Purtroppo, come dimostra il recente caso di Roma capitale, anche in situazioni territoriali e
ambientali paradossali, il nostro modo tutto italiano di affrontare certi temi a cavallo tra politica ed
ecologia, porta a perseverare nella direzione di scelte aberranti.
In ultimo, impossibile non citare il caso di Parma, dove la costruzione di una delle più grandi
piattaforme ecologiche nazionali, comprensiva di inceneritore tecnologicamente tra i più avanzati in
Europa, sta subendo uno stop in dirittura di arrivo per motivi meramente politici-demagogici.

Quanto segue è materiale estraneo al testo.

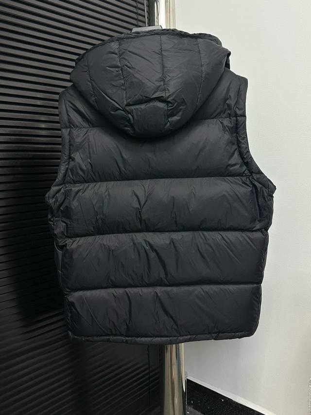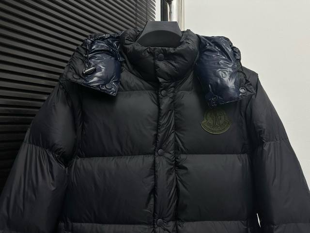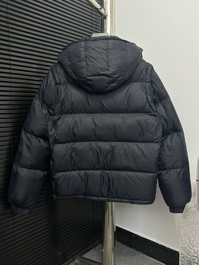 Moncler Cyclone 2-in-1 Detachable Down Jacket. Features a stand-up collar, hood, and detachable sleeves, allowing for multiple styling options to suit various looks. Made with custom-made windproof and rainproof fabric, it's wrinkle-resistant, anti-static, quick-drying, soft, and skin-friendly, offering exceptional comfort. The stand-up collar and hood design makes this down jacket suitable for both business and casual occasions. Manufactured by the original factory (P), with electroplated hardware, all original factory customization, not various market versions. The workmanship, quality, and details are impeccable. Color: Black. Sizes: 1, 2, 3, 4, 5.

Comune denominatore una politica che viene spacciata come di nuova concezione, ma miope e
dissennata al pari di quelle delle città “maglia nera” di cui sopra, in quanto basata anch’essa
sull’assunto pazzesco che i rifiuti di casa propria se li debbano prendere in carico i vicini di casa.
Oppure, come in altri casi, che non si debbano incenerire, e se lo si deve proprio fare, lo si faccia
lontano da casa propria, dove non si sa, oppure non importa.
Al di là di questa lunga premessa, che non trova certo in queste pagine il sito delegato a proporre
soluzioni, entriamo dunque in argomento più tecnico.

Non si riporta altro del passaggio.